### WHAT THIS TASK INVOLVES
Set down exactly the lines in the records below that run from the line with "(x) Brazil, Colour" to the line with "Mini Flap Bag", inclusive, and nothing more.

================

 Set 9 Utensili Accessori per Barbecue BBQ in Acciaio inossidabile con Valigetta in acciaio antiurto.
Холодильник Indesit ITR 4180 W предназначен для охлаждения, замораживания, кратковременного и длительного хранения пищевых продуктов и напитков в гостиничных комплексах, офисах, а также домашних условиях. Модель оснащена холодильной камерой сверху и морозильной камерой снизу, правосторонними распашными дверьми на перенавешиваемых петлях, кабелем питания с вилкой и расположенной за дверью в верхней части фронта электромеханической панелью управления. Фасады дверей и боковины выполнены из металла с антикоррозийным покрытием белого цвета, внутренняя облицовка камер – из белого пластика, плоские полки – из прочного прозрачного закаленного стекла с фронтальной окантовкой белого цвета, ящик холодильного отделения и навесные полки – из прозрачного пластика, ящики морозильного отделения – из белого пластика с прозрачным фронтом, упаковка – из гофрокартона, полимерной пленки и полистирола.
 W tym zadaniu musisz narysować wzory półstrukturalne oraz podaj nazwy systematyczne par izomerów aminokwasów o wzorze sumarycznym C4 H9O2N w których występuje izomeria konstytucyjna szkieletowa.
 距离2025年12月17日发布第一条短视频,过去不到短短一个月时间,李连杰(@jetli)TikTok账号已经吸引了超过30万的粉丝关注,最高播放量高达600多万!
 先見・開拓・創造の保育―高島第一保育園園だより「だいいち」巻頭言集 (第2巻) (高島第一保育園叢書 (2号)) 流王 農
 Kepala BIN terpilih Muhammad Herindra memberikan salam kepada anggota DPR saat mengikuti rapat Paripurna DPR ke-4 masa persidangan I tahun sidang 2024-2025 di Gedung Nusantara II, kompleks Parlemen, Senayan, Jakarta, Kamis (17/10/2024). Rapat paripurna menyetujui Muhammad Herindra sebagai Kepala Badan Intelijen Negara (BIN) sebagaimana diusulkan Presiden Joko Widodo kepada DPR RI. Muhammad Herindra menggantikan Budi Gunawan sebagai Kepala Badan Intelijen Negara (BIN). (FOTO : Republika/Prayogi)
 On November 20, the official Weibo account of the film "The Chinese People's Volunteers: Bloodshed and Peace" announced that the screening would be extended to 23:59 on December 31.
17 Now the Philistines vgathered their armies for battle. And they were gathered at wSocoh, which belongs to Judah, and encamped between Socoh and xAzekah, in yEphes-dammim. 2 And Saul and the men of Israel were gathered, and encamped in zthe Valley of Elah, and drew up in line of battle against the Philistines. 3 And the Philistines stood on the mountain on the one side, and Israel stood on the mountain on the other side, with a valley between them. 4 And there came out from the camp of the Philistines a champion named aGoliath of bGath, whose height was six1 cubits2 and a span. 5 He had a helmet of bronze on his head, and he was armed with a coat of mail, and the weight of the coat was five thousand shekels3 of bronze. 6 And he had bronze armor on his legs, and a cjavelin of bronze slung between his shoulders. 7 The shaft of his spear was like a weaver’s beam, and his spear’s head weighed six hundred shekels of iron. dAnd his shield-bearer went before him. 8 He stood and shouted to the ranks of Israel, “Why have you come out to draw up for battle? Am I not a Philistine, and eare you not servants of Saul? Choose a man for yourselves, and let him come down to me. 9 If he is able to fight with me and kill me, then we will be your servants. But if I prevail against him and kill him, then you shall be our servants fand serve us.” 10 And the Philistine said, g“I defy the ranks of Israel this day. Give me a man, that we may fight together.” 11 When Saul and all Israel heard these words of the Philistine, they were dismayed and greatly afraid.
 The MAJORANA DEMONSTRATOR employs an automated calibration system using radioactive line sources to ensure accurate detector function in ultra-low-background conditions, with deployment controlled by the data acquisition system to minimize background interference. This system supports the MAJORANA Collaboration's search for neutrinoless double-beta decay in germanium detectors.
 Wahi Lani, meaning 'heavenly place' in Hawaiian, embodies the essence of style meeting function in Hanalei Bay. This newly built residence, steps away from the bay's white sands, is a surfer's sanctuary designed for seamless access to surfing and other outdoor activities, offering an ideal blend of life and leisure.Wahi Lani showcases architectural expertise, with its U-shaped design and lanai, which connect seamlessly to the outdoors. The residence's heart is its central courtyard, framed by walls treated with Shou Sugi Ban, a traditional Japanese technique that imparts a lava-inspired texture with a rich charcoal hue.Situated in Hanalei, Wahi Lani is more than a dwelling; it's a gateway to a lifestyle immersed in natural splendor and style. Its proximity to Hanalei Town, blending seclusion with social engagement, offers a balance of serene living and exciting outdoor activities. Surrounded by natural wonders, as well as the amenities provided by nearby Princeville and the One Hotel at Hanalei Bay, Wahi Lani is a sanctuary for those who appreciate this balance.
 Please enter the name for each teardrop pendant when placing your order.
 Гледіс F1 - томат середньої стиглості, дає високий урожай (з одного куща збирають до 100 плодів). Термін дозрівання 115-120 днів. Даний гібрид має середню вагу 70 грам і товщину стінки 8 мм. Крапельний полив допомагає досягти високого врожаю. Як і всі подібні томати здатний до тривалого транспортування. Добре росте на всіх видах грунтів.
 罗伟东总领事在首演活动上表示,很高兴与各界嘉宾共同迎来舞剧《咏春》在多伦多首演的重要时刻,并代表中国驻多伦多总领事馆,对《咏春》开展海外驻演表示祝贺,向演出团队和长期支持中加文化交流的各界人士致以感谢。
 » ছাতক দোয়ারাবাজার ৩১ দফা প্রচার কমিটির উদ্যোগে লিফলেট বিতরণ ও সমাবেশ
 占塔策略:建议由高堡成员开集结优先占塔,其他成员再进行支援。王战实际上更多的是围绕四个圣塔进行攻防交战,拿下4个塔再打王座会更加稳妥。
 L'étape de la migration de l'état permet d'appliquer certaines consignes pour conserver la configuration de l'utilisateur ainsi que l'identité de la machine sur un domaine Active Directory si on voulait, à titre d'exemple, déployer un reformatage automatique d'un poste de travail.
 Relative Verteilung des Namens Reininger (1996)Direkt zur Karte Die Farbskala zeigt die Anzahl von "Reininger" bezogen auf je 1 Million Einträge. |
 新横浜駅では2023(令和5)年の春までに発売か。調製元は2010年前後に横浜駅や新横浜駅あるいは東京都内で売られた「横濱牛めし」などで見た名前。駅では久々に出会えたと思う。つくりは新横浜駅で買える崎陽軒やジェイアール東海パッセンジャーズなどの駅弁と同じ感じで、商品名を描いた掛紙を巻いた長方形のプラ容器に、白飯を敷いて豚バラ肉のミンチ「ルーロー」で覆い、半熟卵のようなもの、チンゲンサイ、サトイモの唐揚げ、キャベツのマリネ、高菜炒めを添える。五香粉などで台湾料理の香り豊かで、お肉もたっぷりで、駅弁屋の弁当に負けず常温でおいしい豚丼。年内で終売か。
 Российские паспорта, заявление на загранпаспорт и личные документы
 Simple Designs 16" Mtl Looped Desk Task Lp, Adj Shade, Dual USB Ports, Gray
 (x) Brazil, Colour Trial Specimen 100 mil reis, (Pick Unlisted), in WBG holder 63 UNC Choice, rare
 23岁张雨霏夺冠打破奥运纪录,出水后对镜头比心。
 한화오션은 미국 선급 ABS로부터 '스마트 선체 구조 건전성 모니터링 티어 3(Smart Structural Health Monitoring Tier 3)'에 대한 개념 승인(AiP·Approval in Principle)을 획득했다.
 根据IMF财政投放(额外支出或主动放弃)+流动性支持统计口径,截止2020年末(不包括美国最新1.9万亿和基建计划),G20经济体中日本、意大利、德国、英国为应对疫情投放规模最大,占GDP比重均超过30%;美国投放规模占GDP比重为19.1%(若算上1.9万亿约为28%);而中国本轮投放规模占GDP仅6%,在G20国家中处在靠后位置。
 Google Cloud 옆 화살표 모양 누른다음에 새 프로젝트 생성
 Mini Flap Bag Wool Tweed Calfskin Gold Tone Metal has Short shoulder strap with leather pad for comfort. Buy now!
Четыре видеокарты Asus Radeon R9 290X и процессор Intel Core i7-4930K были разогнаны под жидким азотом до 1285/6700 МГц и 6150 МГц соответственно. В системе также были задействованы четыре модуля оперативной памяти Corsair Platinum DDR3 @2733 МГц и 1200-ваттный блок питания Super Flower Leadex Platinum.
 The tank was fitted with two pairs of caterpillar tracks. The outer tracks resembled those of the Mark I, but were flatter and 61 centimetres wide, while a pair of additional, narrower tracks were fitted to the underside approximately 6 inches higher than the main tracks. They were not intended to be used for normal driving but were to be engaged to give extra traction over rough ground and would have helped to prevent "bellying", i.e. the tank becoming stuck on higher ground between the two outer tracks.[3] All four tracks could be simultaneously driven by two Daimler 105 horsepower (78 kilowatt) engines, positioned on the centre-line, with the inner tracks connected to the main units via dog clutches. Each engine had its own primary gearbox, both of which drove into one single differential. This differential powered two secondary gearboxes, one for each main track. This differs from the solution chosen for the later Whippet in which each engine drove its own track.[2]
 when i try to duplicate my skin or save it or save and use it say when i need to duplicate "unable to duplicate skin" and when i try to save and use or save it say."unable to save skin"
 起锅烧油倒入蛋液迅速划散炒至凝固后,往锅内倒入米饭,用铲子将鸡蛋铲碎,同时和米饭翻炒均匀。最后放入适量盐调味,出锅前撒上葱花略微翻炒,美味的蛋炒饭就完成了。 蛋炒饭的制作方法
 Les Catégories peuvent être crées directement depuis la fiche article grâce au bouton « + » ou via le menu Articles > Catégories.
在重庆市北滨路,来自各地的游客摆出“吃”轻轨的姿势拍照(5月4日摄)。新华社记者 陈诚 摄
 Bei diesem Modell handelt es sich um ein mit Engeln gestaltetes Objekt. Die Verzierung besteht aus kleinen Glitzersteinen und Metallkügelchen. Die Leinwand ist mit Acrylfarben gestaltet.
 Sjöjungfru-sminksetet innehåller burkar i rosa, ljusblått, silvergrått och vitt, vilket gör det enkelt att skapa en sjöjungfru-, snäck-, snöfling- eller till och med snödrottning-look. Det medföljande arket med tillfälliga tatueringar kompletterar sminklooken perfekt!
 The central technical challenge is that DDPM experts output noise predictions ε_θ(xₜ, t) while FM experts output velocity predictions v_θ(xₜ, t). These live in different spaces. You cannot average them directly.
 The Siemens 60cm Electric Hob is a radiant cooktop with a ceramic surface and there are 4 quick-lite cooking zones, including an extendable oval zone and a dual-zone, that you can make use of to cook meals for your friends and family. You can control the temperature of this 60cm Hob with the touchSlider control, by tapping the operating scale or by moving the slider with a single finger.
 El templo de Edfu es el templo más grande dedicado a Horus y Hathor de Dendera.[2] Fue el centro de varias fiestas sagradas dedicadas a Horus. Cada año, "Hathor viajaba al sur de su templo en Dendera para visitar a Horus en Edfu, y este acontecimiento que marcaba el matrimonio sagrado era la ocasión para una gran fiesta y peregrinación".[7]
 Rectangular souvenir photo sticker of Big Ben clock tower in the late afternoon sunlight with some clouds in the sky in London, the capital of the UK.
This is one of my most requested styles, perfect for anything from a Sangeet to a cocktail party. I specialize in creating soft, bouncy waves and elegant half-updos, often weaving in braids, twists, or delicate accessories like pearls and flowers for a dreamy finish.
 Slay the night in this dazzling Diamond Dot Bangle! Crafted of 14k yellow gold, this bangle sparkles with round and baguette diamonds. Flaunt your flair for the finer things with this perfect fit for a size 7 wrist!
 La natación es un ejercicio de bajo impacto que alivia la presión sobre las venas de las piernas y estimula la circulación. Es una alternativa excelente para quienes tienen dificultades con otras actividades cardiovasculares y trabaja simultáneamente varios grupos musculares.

================

### SOLUTION TO THIS EXERCISE
 (x) Brazil, Colour Trial Specimen 100 mil reis, (Pick Unlisted), in WBG holder 63 UNC Choice, rare
 23岁张雨霏夺冠打破奥运纪录,出水后对镜头比心。
 한화오션은 미국 선급 ABS로부터 '스마트 선체 구조 건전성 모니터링 티어 3(Smart Structural Health Monitoring Tier 3)'에 대한 개념 승인(AiP·Approval in Principle)을 획득했다.
 根据IMF财政投放(额外支出或主动放弃)+流动性支持统计口径,截止2020年末(不包括美国最新1.9万亿和基建计划),G20经济体中日本、意大利、德国、英国为应对疫情投放规模最大,占GDP比重均超过30%;美国投放规模占GDP比重为19.1%(若算上1.9万亿约为28%);而中国本轮投放规模占GDP仅6%,在G20国家中处在靠后位置。
 Google Cloud 옆 화살표 모양 누른다음에 새 프로젝트 생성
 Mini Flap Bag Wool Tweed Calfskin Gold Tone Metal has Short shoulder strap with leather pad for comfort. Buy now!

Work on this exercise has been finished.